------ Stored data

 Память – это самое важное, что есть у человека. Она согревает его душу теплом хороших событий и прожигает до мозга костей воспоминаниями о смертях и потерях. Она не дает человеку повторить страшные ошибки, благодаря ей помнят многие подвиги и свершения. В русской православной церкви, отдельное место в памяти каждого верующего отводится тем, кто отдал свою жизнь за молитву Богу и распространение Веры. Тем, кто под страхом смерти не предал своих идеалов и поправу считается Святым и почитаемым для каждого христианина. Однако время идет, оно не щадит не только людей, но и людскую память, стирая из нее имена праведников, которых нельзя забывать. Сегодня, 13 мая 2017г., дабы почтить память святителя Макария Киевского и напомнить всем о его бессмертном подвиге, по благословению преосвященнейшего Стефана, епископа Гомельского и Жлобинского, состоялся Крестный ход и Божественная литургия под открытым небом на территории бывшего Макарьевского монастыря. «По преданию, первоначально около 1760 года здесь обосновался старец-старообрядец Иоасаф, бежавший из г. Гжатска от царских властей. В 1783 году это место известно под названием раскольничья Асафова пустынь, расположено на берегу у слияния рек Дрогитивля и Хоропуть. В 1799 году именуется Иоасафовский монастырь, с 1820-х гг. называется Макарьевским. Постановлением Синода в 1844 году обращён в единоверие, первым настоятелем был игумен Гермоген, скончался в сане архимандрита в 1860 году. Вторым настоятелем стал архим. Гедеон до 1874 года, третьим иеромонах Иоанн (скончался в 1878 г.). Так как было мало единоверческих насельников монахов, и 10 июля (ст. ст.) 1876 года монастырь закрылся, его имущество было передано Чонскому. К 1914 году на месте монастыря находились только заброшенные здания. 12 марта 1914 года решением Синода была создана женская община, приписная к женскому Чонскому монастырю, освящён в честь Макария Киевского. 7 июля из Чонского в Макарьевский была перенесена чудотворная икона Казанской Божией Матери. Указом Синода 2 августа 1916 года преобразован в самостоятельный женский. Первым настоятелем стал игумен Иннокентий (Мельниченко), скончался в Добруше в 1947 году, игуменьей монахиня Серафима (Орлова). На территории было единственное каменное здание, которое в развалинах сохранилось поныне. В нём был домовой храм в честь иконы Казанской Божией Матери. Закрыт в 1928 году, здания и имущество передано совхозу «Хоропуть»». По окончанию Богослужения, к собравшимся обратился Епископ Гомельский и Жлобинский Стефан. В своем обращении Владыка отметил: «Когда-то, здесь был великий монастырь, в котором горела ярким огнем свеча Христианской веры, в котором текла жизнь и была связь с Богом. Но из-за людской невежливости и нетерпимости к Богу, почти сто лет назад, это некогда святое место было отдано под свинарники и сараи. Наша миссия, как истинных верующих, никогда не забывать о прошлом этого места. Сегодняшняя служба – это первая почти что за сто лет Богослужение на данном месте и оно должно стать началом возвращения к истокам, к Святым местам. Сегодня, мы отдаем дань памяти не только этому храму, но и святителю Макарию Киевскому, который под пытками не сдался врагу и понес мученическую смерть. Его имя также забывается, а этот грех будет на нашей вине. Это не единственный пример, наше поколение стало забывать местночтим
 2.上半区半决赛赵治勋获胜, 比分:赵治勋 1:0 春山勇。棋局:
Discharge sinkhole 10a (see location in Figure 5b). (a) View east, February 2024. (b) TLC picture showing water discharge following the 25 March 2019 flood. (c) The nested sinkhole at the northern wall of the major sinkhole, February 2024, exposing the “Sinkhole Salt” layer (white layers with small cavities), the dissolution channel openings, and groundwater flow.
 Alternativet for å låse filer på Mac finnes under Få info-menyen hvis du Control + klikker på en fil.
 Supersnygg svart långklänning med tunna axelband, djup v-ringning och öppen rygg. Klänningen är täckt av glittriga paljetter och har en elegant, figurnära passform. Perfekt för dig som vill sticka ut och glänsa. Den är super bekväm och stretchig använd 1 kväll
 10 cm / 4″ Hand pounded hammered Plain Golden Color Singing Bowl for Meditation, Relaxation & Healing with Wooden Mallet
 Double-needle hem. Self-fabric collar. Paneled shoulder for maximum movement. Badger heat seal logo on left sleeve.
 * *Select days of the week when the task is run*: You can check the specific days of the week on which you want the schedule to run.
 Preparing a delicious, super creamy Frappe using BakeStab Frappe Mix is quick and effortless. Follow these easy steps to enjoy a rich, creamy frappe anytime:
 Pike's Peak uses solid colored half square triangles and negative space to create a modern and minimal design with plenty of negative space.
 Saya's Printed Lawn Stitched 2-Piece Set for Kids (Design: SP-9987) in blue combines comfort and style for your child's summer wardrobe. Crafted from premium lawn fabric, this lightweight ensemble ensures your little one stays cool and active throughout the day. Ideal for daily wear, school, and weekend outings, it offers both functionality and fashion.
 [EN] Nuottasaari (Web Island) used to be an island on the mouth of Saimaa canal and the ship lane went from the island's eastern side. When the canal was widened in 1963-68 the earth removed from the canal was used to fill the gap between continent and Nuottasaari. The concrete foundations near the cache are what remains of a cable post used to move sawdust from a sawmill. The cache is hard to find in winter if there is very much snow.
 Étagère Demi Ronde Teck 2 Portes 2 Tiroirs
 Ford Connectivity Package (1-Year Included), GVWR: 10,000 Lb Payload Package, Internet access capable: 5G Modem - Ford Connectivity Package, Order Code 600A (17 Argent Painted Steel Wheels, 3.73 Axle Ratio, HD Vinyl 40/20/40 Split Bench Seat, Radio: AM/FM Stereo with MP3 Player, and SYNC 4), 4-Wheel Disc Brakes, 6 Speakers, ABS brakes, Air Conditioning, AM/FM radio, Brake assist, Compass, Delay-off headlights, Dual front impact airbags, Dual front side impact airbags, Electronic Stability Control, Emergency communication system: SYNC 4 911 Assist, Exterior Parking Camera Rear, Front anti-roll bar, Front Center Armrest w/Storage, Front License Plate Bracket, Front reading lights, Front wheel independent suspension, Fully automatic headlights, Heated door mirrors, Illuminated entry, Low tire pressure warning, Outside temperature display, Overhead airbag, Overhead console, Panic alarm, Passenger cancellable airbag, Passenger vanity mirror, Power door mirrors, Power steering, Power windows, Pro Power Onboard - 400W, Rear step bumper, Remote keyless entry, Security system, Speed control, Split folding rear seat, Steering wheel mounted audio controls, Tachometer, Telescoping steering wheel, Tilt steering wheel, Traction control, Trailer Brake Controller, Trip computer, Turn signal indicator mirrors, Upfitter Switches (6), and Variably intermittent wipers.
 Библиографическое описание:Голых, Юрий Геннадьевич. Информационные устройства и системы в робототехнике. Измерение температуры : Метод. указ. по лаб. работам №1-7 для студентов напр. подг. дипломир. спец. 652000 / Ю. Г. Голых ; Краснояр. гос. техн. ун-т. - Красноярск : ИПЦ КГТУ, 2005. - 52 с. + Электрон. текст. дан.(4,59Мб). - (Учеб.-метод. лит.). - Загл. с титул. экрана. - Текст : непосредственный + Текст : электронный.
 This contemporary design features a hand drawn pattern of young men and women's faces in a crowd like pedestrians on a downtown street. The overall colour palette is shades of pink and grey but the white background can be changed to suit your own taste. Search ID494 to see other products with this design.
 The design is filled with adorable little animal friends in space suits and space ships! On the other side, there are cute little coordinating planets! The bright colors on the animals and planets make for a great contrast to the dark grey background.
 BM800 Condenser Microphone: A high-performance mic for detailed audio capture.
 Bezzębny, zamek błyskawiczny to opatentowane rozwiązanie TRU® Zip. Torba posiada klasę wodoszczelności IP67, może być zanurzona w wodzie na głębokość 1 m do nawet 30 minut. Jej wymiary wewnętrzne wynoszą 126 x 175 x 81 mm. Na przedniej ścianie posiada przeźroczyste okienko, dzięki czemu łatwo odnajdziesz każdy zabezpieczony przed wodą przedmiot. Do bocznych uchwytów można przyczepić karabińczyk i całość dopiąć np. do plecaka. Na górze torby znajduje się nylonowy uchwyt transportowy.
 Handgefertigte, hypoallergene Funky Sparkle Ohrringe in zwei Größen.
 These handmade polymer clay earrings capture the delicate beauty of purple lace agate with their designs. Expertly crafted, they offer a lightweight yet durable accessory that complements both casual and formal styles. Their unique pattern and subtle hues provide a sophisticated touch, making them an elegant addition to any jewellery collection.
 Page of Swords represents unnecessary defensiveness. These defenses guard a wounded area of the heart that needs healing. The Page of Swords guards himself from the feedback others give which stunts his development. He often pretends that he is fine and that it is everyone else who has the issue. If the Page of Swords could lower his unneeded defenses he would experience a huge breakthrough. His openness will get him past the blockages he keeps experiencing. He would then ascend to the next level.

------------

■ **Exercise**
Beginning with the line that contains "Handgefertigte, hypoallergene Funky", write out every line through the end of the entries above, exactly.

■ **Exercise output**
 Handgefertigte, hypoallergene Funky Sparkle Ohrringe in zwei Größen.
 These handmade polymer clay earrings capture the delicate beauty of purple lace agate with their designs. Expertly crafted, they offer a lightweight yet durable accessory that complements both casual and formal styles. Their unique pattern and subtle hues provide a sophisticated touch, making them an elegant addition to any jewellery collection.
 Page of Swords represents unnecessary defensiveness. These defenses guard a wounded area of the heart that needs healing. The Page of Swords guards himself from the feedback others give which stunts his development. He often pretends that he is fine and that it is everyone else who has the issue. If the Page of Swords could lower his unneeded defenses he would experience a huge breakthrough. His openness will get him past the blockages he keeps experiencing. He would then ascend to the next level.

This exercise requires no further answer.